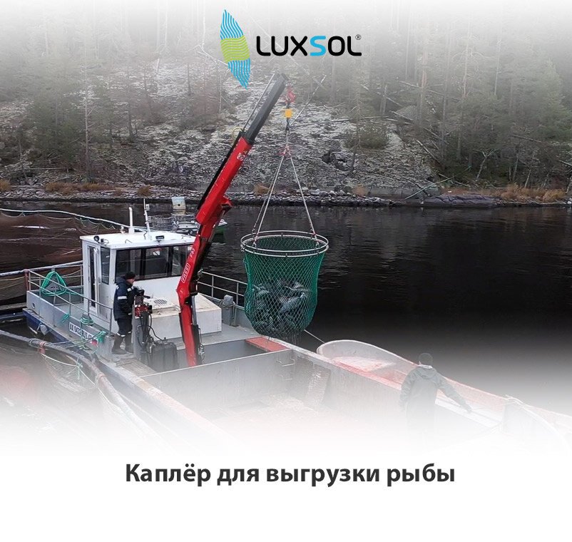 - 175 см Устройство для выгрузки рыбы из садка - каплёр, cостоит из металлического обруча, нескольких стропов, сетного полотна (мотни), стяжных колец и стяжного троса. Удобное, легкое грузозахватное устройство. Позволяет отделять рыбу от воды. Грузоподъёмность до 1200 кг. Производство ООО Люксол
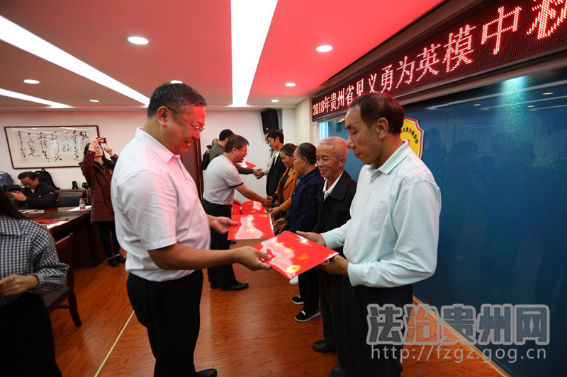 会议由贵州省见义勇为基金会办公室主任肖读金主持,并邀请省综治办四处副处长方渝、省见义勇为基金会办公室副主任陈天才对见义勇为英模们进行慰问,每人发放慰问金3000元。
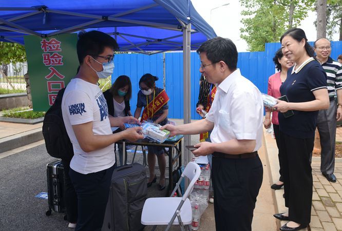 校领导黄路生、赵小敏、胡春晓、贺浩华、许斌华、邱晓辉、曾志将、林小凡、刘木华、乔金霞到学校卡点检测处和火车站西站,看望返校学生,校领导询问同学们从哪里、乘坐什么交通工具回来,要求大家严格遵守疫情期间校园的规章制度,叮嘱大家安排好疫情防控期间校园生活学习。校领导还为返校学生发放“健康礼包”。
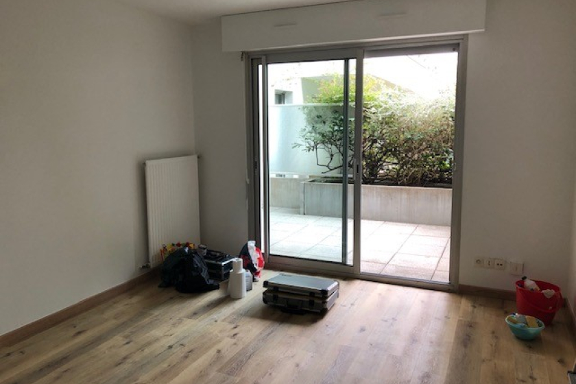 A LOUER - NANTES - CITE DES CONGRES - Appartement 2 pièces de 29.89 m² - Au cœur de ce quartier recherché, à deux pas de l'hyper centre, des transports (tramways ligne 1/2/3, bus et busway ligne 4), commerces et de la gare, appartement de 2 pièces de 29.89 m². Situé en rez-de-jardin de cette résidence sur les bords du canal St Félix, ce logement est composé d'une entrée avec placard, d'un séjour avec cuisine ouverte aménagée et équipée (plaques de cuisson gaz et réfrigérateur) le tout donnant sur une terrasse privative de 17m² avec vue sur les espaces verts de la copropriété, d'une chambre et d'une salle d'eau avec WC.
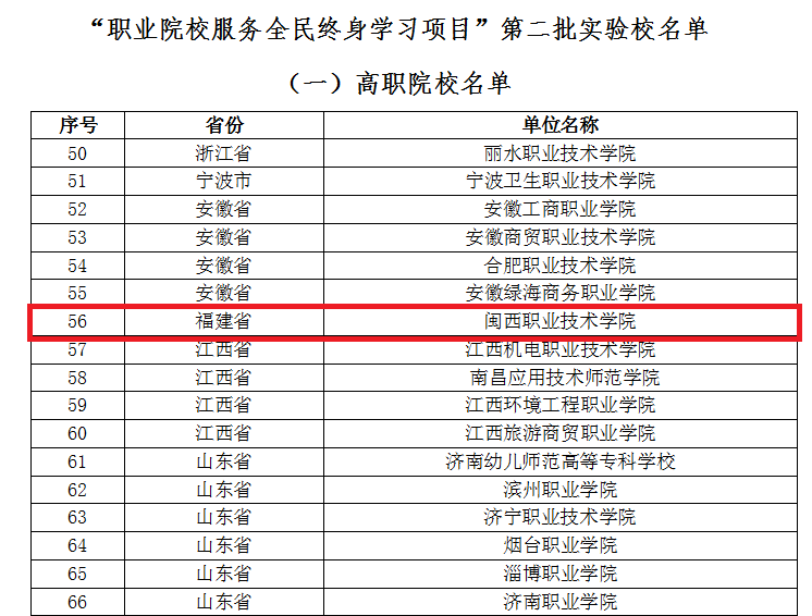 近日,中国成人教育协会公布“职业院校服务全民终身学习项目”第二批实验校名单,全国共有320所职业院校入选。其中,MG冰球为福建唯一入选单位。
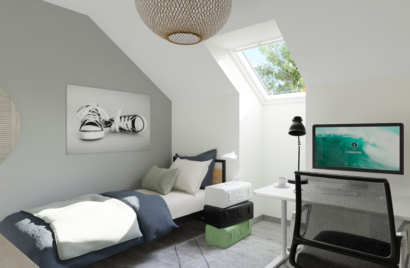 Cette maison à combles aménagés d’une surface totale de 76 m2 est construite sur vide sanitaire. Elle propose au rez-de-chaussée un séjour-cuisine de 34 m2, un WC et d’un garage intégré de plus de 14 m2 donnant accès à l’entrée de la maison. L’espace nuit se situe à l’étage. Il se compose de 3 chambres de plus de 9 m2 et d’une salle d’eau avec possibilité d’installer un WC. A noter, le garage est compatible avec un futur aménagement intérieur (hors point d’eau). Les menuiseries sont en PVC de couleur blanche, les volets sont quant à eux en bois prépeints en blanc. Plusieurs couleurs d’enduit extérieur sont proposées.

——

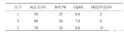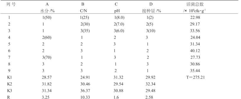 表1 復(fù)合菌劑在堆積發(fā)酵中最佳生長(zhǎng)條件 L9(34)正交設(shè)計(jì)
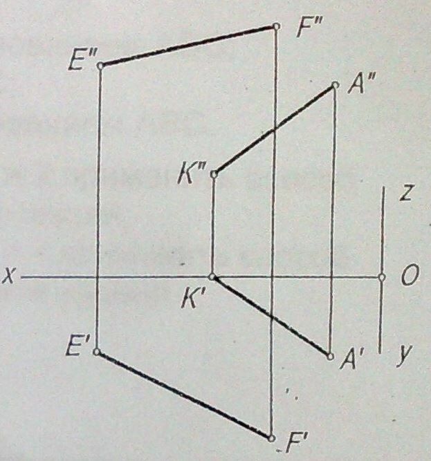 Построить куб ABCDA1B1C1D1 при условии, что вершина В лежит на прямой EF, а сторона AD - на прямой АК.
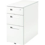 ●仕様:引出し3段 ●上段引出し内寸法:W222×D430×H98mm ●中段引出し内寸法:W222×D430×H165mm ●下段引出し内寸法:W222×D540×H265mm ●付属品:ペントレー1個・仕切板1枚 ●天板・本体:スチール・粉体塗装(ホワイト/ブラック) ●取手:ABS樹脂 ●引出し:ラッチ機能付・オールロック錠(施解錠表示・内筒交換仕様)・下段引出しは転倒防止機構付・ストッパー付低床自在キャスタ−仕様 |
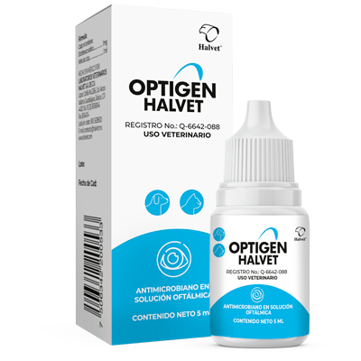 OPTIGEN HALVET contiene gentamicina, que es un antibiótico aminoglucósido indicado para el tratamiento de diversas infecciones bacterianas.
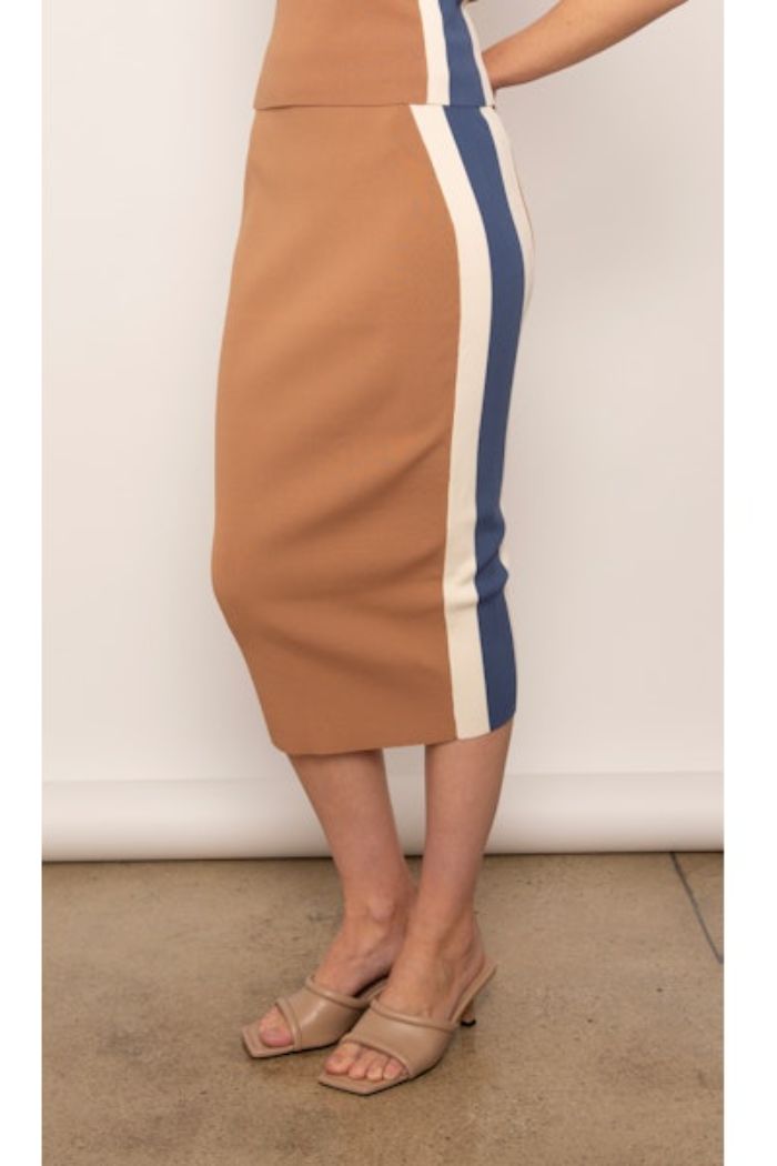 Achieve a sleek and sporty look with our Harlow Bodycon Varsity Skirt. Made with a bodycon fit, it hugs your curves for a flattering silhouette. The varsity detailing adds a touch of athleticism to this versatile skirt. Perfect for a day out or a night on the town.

——

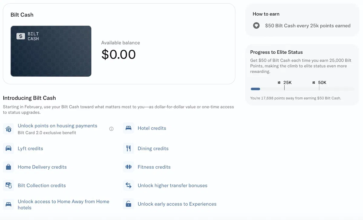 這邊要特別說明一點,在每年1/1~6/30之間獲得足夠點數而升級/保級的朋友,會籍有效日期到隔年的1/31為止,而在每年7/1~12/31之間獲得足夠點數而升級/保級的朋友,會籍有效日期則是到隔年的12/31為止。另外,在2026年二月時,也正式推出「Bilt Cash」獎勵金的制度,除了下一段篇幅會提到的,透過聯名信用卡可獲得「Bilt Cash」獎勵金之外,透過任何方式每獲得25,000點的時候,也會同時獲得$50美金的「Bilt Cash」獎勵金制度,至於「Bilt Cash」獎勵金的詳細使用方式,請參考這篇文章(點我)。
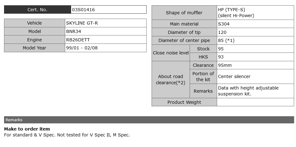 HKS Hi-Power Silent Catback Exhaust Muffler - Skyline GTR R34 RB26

——

WORK INSTRUCTION: With the pictures omitted, print the lines above exactly, beginning at the line with "- 175 см Устройство" and going on through the line with "会议由贵州省见义勇为基金会办".

RESULT OF THE EXERCISE:
 - 175 см Устройство для выгрузки рыбы из садка - каплёр, cостоит из металлического обруча, нескольких стропов, сетного полотна (мотни), стяжных колец и стяжного троса. Удобное, легкое грузозахватное устройство. Позволяет отделять рыбу от воды. Грузоподъёмность до 1200 кг. Производство ООО Люксол
 会议由贵州省见义勇为基金会办公室主任肖读金主持,并邀请省综治办四处副处长方渝、省见义勇为基金会办公室副主任陈天才对见义勇为英模们进行慰问,每人发放慰问金3000元。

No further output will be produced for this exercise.